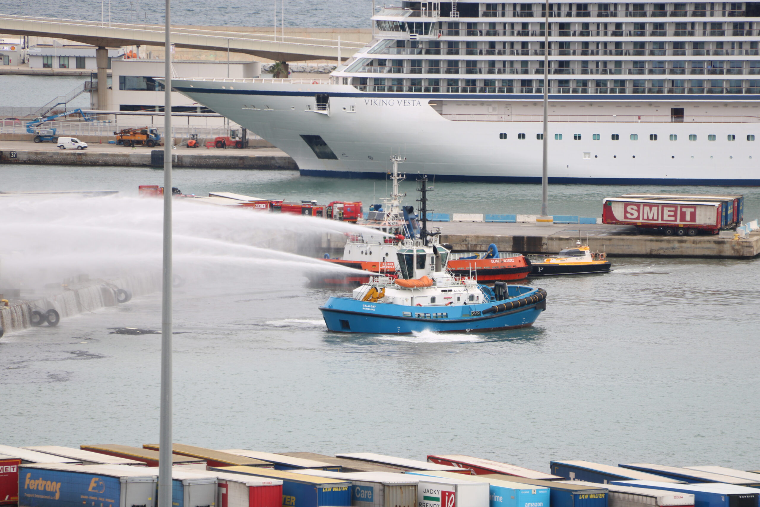 ACN Barcelona – Els Bombers de Barcelona han donat per controlat cap a les quatre de la tarda l’incendi de tres contenidors de mercaderies al Port de Barcelona, a la zona Pont d’Europa, segons han explicat fonts municipals. Els Bombers han rebut l’avís a les 13.17 hores i han desplaçat tres tancs, tres autobombes amb aigua, una ambulància, una autoescala, dos vehicles amb equip de suport i dos vehicles de comandament-. També ha actuat la barca de Bombers de Barcelona, donant suport a l’extinció des de l’aigua. No hi ha persones afectades. Les flames han afectat un total de 20 semiremolcs. Els contenidors contenien mercaderies que no eren perilloses, però s’ha generat un núvol de fum important a la zona de l’entorn de l’incendi.
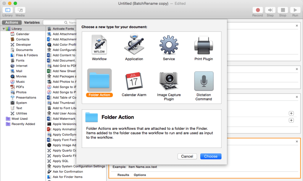 8. Make a folder action (optional). Instead of creating an application, you might find it better to implement this as a folder action. Check you have Folder Actions enabled: in the Finder, Alt-click on a folder, and enable in Services > Folder Actions Setup…. Create a new file with Command-N, as a Folder Action not Workflow. Create a working folder and associate the action in the top popup menu. Copy and paste the Filter Finder Items and Rename Finder Items to that and save with Command-S.
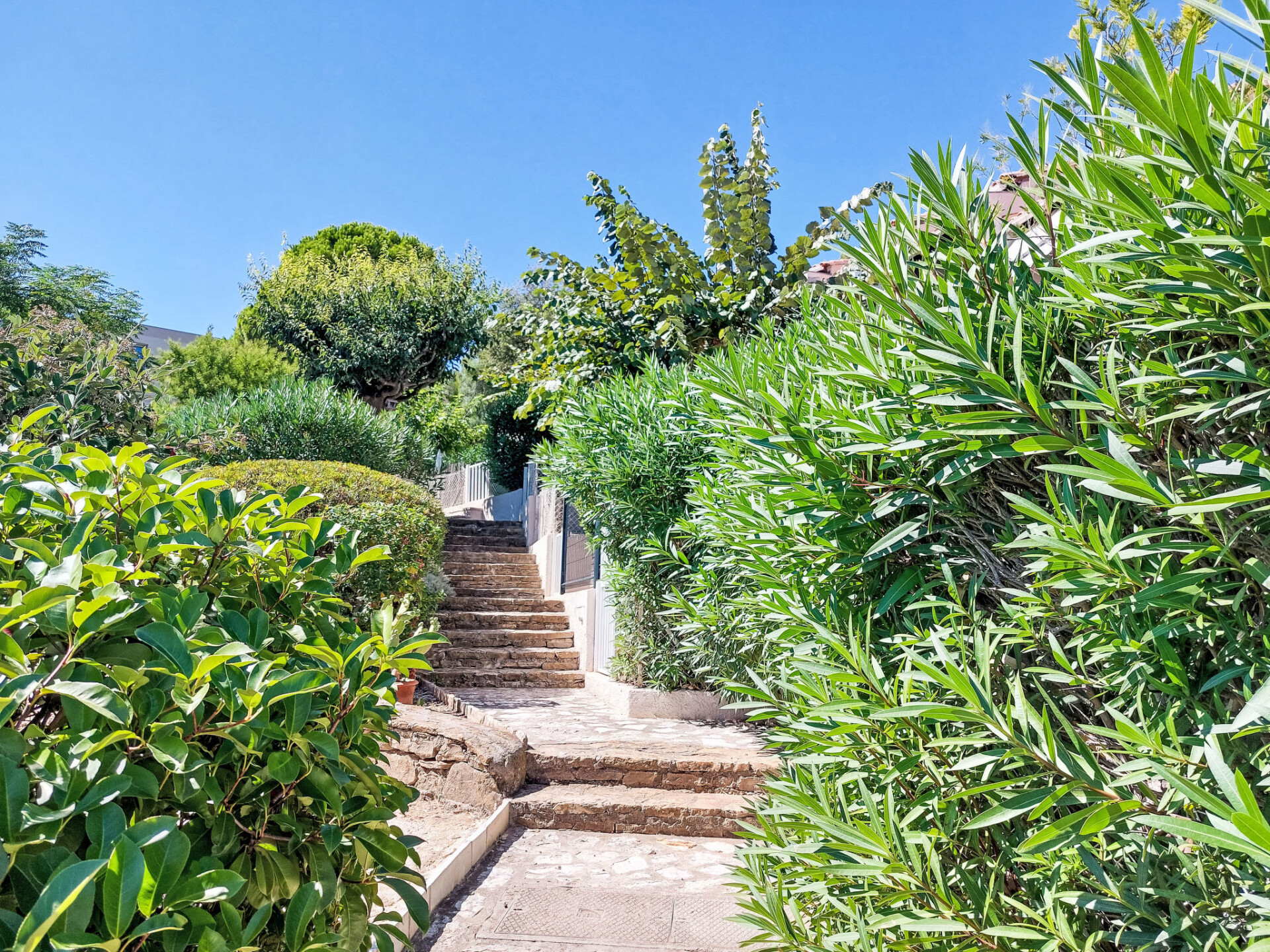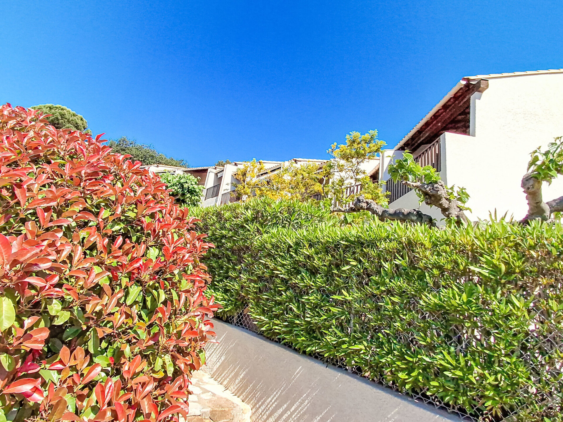 Residentie "L'Olympie". 500 m van zee. Trappenweg (15 treden) naar het huis. Parkeerplaats (beperkt aantal). Winkel, levensmiddelenwinkel, restaurant, bakkerij 500 m, bushalte 1 km, kiezelstrand 500 m. Golfterrein (18 holes) 15 km. Wandelgebied Sainte Baume, Sainte Victoire, Calanques Port-Cros, Porquerolles, Ile verte, Embiez, Figuerolles, Cassis. De sleuteloverdracht vindt plaats bij het agentschap Interhome in SIX FOURS LES PLAGES, 2 km.
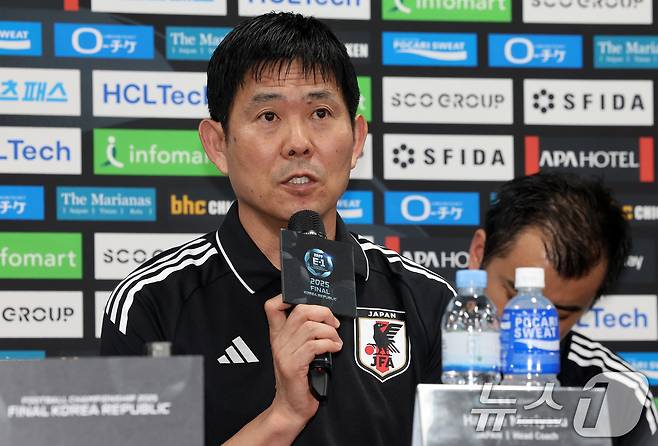 (용인=뉴스1) 이동해 기자 = 일본 모리야스 하지메 감독이 6일 오후 경기도 용인미르스타디움에서 열린 2025 동아시아축구연맹(EAFF) E-1 챔피언십 남자부 공식 기자회견에서 기자들 질의에 답하고 있다. 2025.7.6/뉴스1
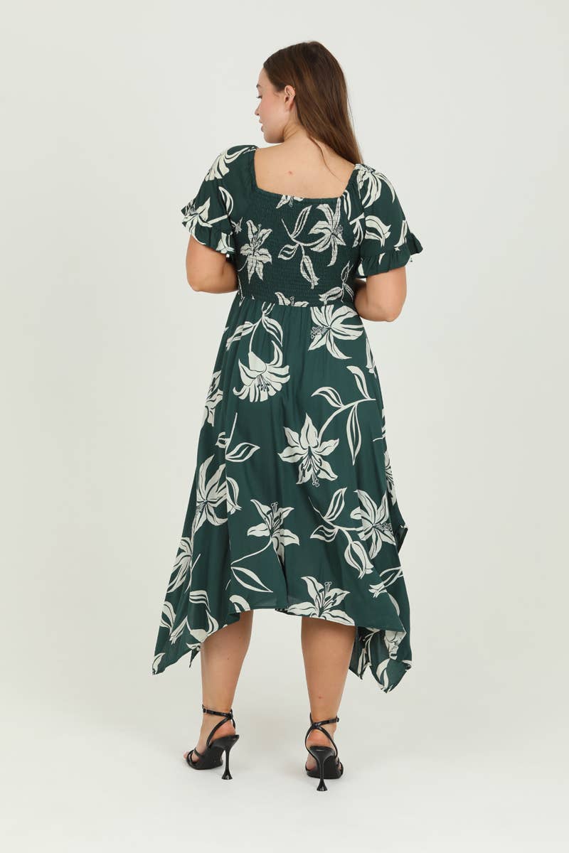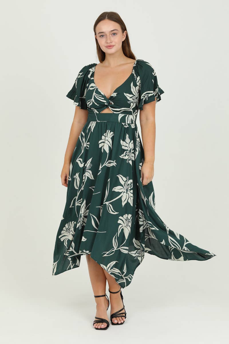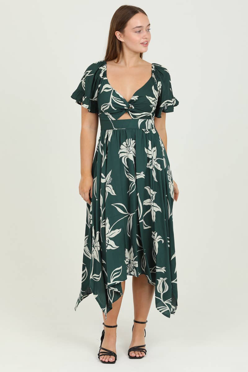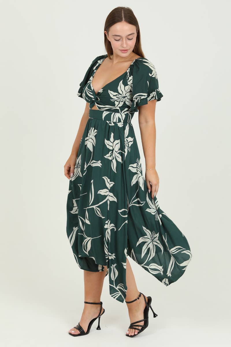 V NECK TWIST FRONT CUT OUT HANKY HEM MAXI DRESS

**What is needed:**
Could you print the listing above exactly, without the pictures?

**Result for this exercise:**
 ACN Barcelona – Els Bombers de Barcelona han donat per controlat cap a les quatre de la tarda l’incendi de tres contenidors de mercaderies al Port de Barcelona, a la zona Pont d’Europa, segons han explicat fonts municipals. Els Bombers han rebut l’avís a les 13.17 hores i han desplaçat tres tancs, tres autobombes amb aigua, una ambulància, una autoescala, dos vehicles amb equip de suport i dos vehicles de comandament-. També ha actuat la barca de Bombers de Barcelona, donant suport a l’extinció des de l’aigua. No hi ha persones afectades. Les flames han afectat un total de 20 semiremolcs. Els contenidors contenien mercaderies que no eren perilloses, però s’ha generat un núvol de fum important a la zona de l’entorn de l’incendi.
 8. Make a folder action (optional). Instead of creating an application, you might find it better to implement this as a folder action. Check you have Folder Actions enabled: in the Finder, Alt-click on a folder, and enable in Services > Folder Actions Setup…. Create a new file with Command-N, as a Folder Action not Workflow. Create a working folder and associate the action in the top popup menu. Copy and paste the Filter Finder Items and Rename Finder Items to that and save with Command-S.
 Residentie "L'Olympie". 500 m van zee. Trappenweg (15 treden) naar het huis. Parkeerplaats (beperkt aantal). Winkel, levensmiddelenwinkel, restaurant, bakkerij 500 m, bushalte 1 km, kiezelstrand 500 m. Golfterrein (18 holes) 15 km. Wandelgebied Sainte Baume, Sainte Victoire, Calanques Port-Cros, Porquerolles, Ile verte, Embiez, Figuerolles, Cassis. De sleuteloverdracht vindt plaats bij het agentschap Interhome in SIX FOURS LES PLAGES, 2 km.
 (용인=뉴스1) 이동해 기자 = 일본 모리야스 하지메 감독이 6일 오후 경기도 용인미르스타디움에서 열린 2025 동아시아축구연맹(EAFF) E-1 챔피언십 남자부 공식 기자회견에서 기자들 질의에 답하고 있다. 2025.7.6/뉴스1
 V NECK TWIST FRONT CUT OUT HANKY HEM MAXI DRESS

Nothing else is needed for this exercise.